The most favorable option when it comes to finding the perfect mortgage for your home is a fixed rate, 30-year loan. While it is true that the interest rate is much higher initially with this traditional type than others, many consumers are satisfied by it simply because of their interest rate and monthly payments will not change for the entire life of the loan.

If you want to pay off this fixed rate in a fraction of the time (such as 20 years instead of 30), the monthly payments will be considerably higher, but you will be able to build equity at an accelerated pace, according to Yahoo Finance. You can also use a mortgage refinance calculator at any point during the life of this loan to check for a more competitive deal.

Adjustable Rate Mortgage

Even though the adjustable rate mortgage (ARM) has the same 30-year term as the traditional fixed rate alternative, the interest rate doesn’t remain the same throughout the life of the loan. You will actually be required to pay an interest rate that changes every single year, which is determined and calculated the index to which the loan is connected. A specific margin is added to the determined index each year by the actual lender, which is how the interest rate is calculated.

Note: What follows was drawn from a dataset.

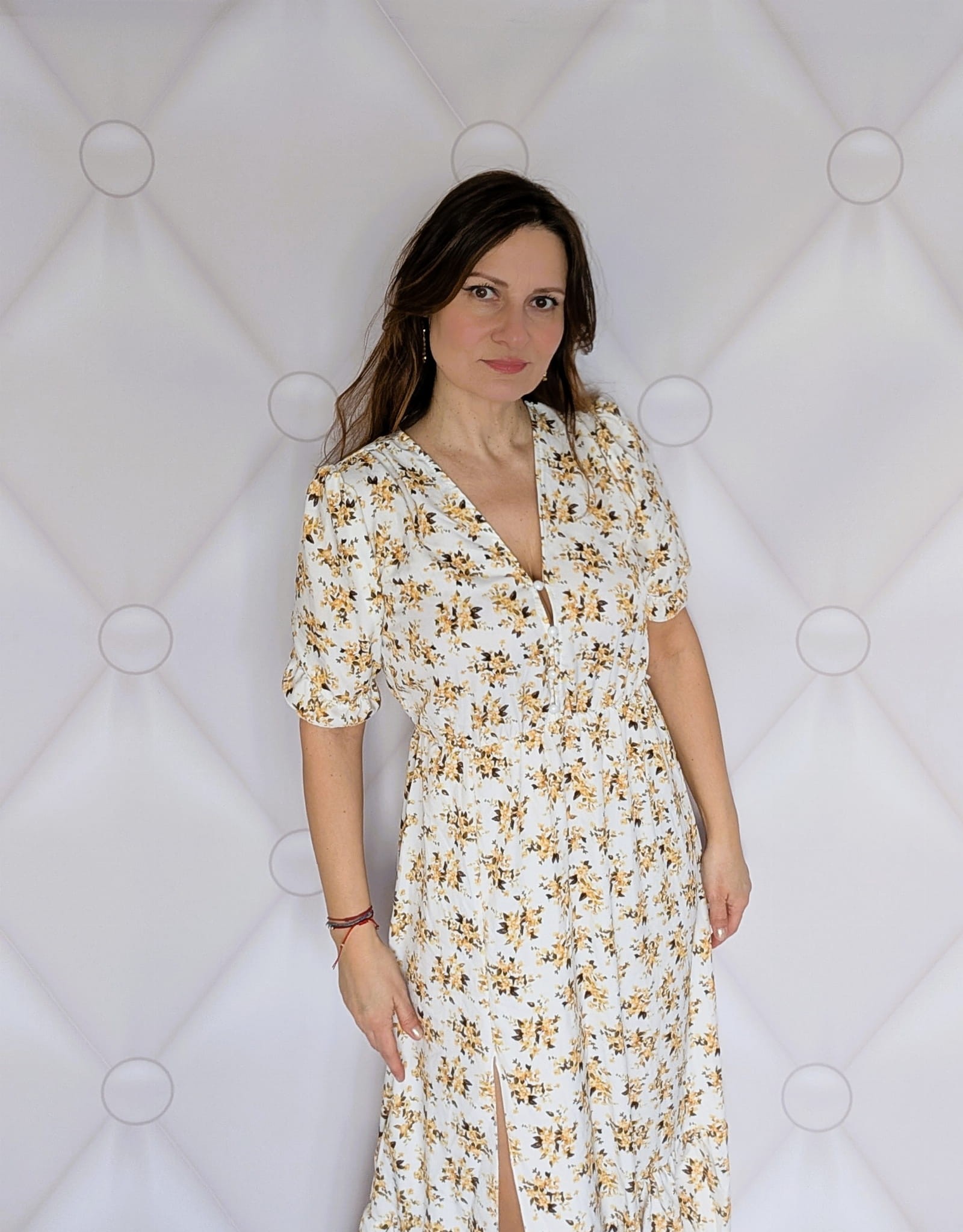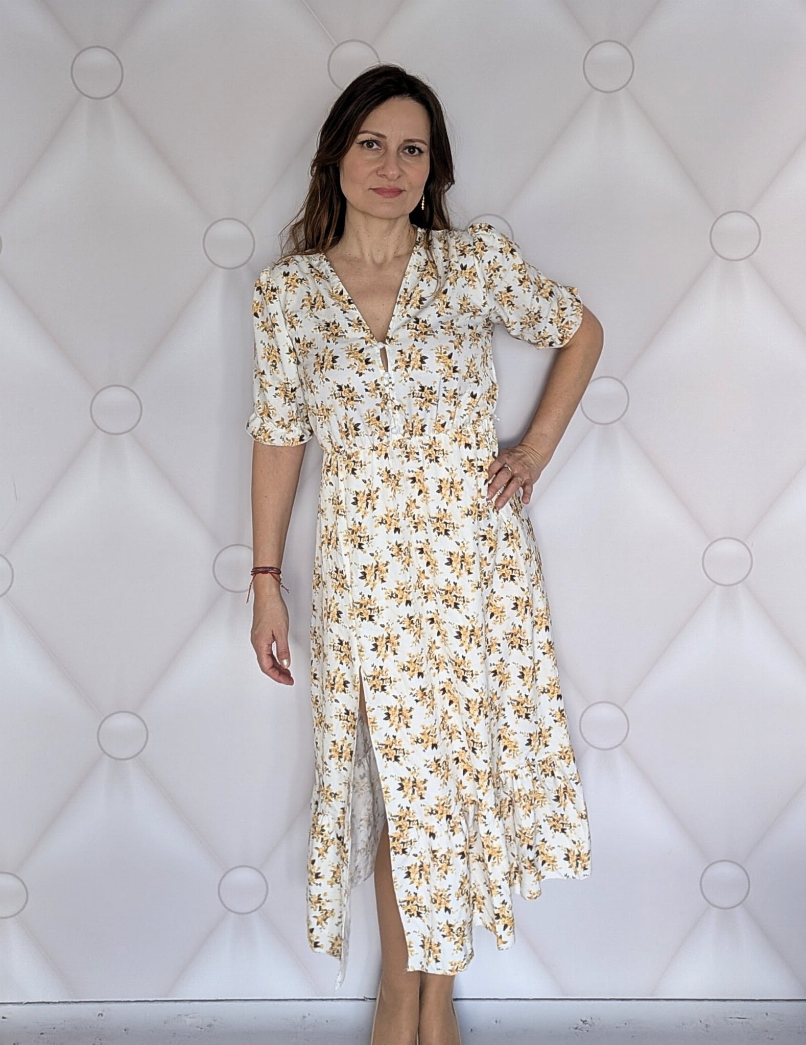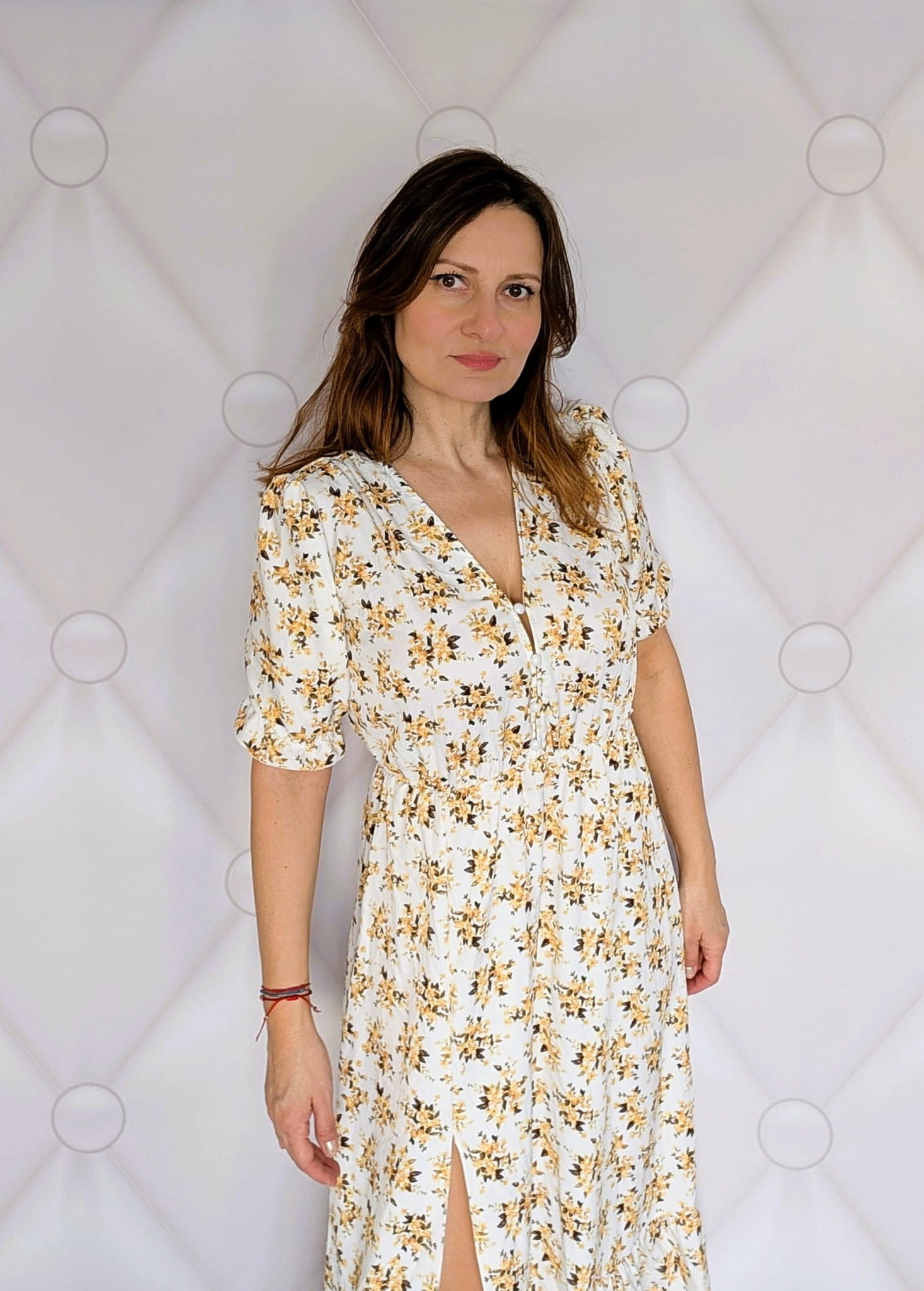 Kwiecista sukienka maxi z rozcięciem-elegancja i komfort biało - żółta

Reviewing the terms and conditions of the mortgage agreement for an ARM plan is essential in order to fully understand the life-of-loan and annual caps and other important elements that are factored into this particular type of loan as well. You may also want to consider the fluctuating interest rates if you decide to use a mortgage refinance calculator or tool at any point in the future to search for a better deal.

Hybrid Mortgage

If you are interested in basically straddling the fence between fixed rate and ARM loans, a hybrid mortgage is the best option to consider. For instance, if you decided to go with a 3/27 hybrid mortgage, the rate will remain fixed for three years before converting to a one-year ARM for the rest of the mortgage term. On the other hand, another popular setup is the 5/25 hybrid that allows you to enjoy a fixed rate for five years before dealing with a converted one-year ARM for the remaining 25 years. Most consumers decide to go with these plans in order to save money if they know that they will not be staying in the same home for more than a few years, according to Bank Rate.

Interest-Only Mortgages

For the first five years with an interest-only mortgage, you will be able to make payments on the interest only. Once that time period has elapsed, you will be able to repay the principal and any additional interest in order to pay off the full loan on time. If you know that you are either going to be selling your home or applying for a refinancing within the first five years, this would be the most advantageous route to take when selecting your mortgage type.

Payment-Option Loan

There are some homeowners who want to pay down their mortgages as soon as possible and are willing to make two or even three payments each month in order to do so. In these cases, the payment-option loans are the best solutions because they allow you to basically set everything up to pay a 30-year loan within a 15-year time period. Doing so may also prevent you from having to use a mortgage refinance calculator at all, since you will be able to pay off your full mortgage in a relatively short period of time.